TASK →
Could you repeat the listing exactly, leaving out the pictures?

DATASET EXTRACT →

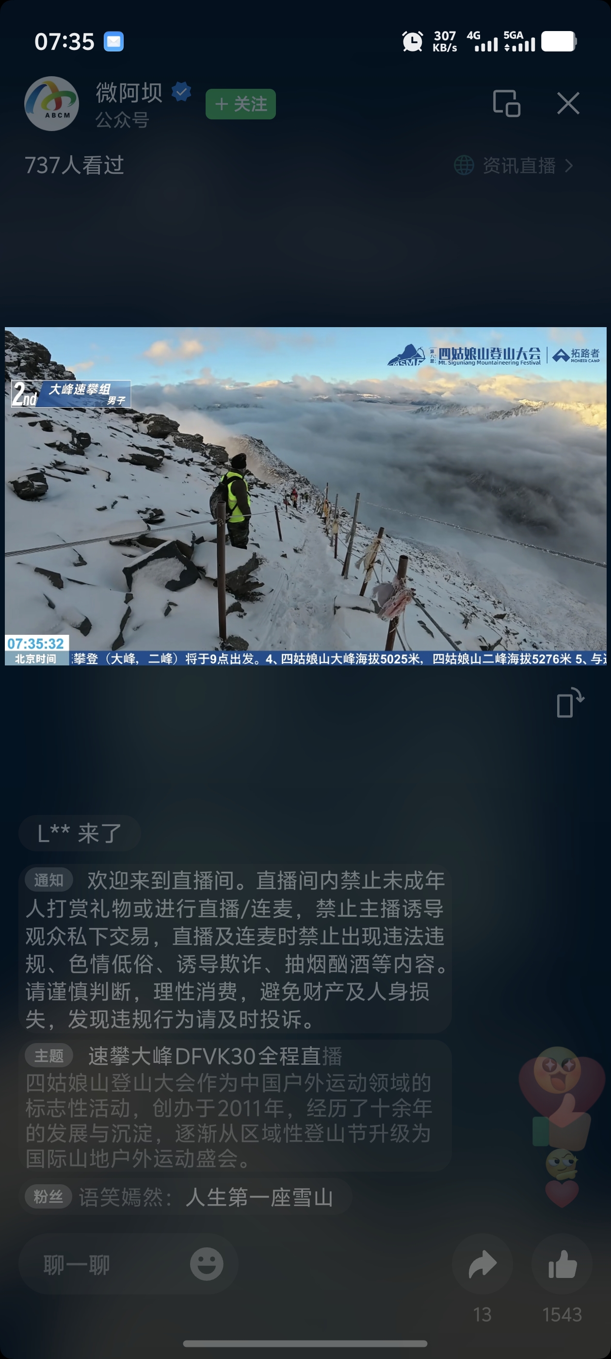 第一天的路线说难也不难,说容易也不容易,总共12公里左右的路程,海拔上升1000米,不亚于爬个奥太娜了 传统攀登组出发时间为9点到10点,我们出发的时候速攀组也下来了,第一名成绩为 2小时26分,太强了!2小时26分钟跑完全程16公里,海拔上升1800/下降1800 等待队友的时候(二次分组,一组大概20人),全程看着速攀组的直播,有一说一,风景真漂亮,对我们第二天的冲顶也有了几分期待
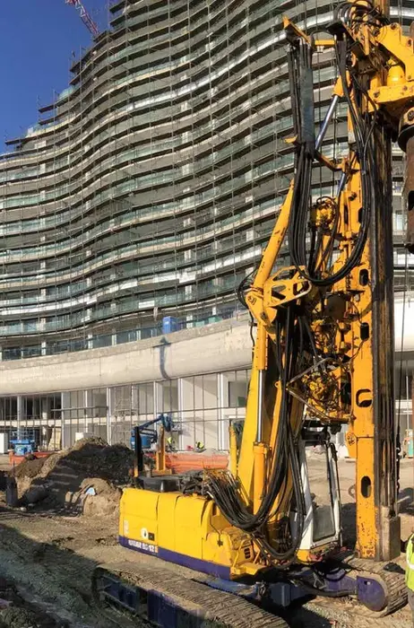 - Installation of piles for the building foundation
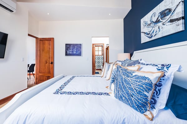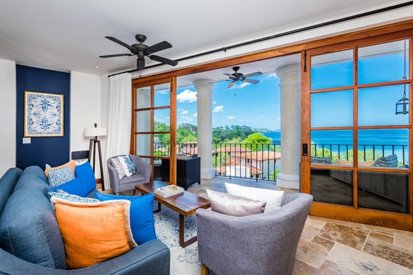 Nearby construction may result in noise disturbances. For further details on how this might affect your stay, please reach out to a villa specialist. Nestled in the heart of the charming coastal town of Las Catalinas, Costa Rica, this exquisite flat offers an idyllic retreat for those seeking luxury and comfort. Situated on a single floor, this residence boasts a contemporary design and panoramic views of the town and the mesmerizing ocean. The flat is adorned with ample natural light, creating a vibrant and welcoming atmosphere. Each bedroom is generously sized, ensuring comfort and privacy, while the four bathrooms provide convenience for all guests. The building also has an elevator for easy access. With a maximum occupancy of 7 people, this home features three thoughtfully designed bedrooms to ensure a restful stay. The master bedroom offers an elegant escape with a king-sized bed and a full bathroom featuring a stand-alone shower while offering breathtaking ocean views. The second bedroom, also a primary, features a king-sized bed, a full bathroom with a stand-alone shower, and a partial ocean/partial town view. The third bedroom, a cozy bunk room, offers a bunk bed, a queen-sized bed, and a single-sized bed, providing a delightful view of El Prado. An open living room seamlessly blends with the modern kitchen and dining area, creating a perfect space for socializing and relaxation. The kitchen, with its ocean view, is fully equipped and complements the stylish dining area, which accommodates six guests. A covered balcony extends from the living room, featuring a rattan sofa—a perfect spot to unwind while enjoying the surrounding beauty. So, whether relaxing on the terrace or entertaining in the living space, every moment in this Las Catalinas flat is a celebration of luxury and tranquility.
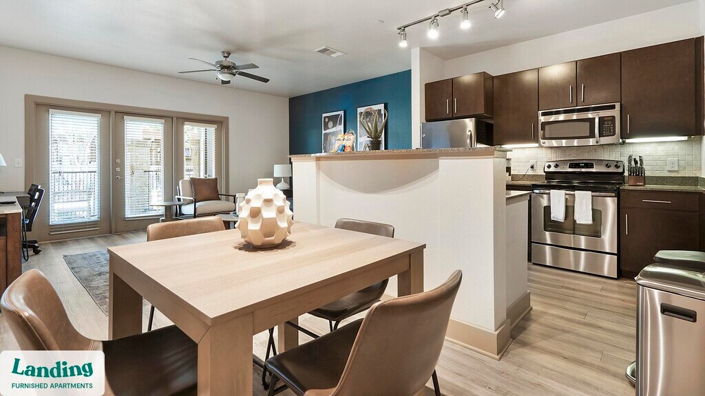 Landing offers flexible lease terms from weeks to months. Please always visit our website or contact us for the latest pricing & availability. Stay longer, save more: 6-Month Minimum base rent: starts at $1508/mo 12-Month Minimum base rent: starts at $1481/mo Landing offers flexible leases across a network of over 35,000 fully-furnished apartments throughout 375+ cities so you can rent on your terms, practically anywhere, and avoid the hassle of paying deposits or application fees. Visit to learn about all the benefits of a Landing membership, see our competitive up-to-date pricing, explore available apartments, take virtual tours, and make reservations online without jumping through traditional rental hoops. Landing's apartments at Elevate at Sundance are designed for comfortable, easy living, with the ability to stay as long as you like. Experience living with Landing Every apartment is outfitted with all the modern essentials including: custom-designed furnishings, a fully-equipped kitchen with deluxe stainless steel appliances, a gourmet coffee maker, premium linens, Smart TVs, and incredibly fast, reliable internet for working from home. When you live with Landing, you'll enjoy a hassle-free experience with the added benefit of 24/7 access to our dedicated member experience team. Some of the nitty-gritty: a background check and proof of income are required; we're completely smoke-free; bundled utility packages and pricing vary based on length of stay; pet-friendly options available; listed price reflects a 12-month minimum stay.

THE ANSWER →
 第一天的路线说难也不难,说容易也不容易,总共12公里左右的路程,海拔上升1000米,不亚于爬个奥太娜了 传统攀登组出发时间为9点到10点,我们出发的时候速攀组也下来了,第一名成绩为 2小时26分,太强了!2小时26分钟跑完全程16公里,海拔上升1800/下降1800 等待队友的时候(二次分组,一组大概20人),全程看着速攀组的直播,有一说一,风景真漂亮,对我们第二天的冲顶也有了几分期待
 - Installation of piles for the building foundation
 Nearby construction may result in noise disturbances. For further details on how this might affect your stay, please reach out to a villa specialist. Nestled in the heart of the charming coastal town of Las Catalinas, Costa Rica, this exquisite flat offers an idyllic retreat for those seeking luxury and comfort. Situated on a single floor, this residence boasts a contemporary design and panoramic views of the town and the mesmerizing ocean. The flat is adorned with ample natural light, creating a vibrant and welcoming atmosphere. Each bedroom is generously sized, ensuring comfort and privacy, while the four bathrooms provide convenience for all guests. The building also has an elevator for easy access. With a maximum occupancy of 7 people, this home features three thoughtfully designed bedrooms to ensure a restful stay. The master bedroom offers an elegant escape with a king-sized bed and a full bathroom featuring a stand-alone shower while offering breathtaking ocean views. The second bedroom, also a primary, features a king-sized bed, a full bathroom with a stand-alone shower, and a partial ocean/partial town view. The third bedroom, a cozy bunk room, offers a bunk bed, a queen-sized bed, and a single-sized bed, providing a delightful view of El Prado. An open living room seamlessly blends with the modern kitchen and dining area, creating a perfect space for socializing and relaxation. The kitchen, with its ocean view, is fully equipped and complements the stylish dining area, which accommodates six guests. A covered balcony extends from the living room, featuring a rattan sofa—a perfect spot to unwind while enjoying the surrounding beauty. So, whether relaxing on the terrace or entertaining in the living space, every moment in this Las Catalinas flat is a celebration of luxury and tranquility.
 Landing offers flexible lease terms from weeks to months. Please always visit our website or contact us for the latest pricing & availability. Stay longer, save more: 6-Month Minimum base rent: starts at $1508/mo 12-Month Minimum base rent: starts at $1481/mo Landing offers flexible leases across a network of over 35,000 fully-furnished apartments throughout 375+ cities so you can rent on your terms, practically anywhere, and avoid the hassle of paying deposits or application fees. Visit to learn about all the benefits of a Landing membership, see our competitive up-to-date pricing, explore available apartments, take virtual tours, and make reservations online without jumping through traditional rental hoops. Landing's apartments at Elevate at Sundance are designed for comfortable, easy living, with the ability to stay as long as you like. Experience living with Landing Every apartment is outfitted with all the modern essentials including: custom-designed furnishings, a fully-equipped kitchen with deluxe stainless steel appliances, a gourmet coffee maker, premium linens, Smart TVs, and incredibly fast, reliable internet for working from home. When you live with Landing, you'll enjoy a hassle-free experience with the added benefit of 24/7 access to our dedicated member experience team. Some of the nitty-gritty: a background check and proof of income are required; we're completely smoke-free; bundled utility packages and pricing vary based on length of stay; pet-friendly options available; listed price reflects a 12-month minimum stay.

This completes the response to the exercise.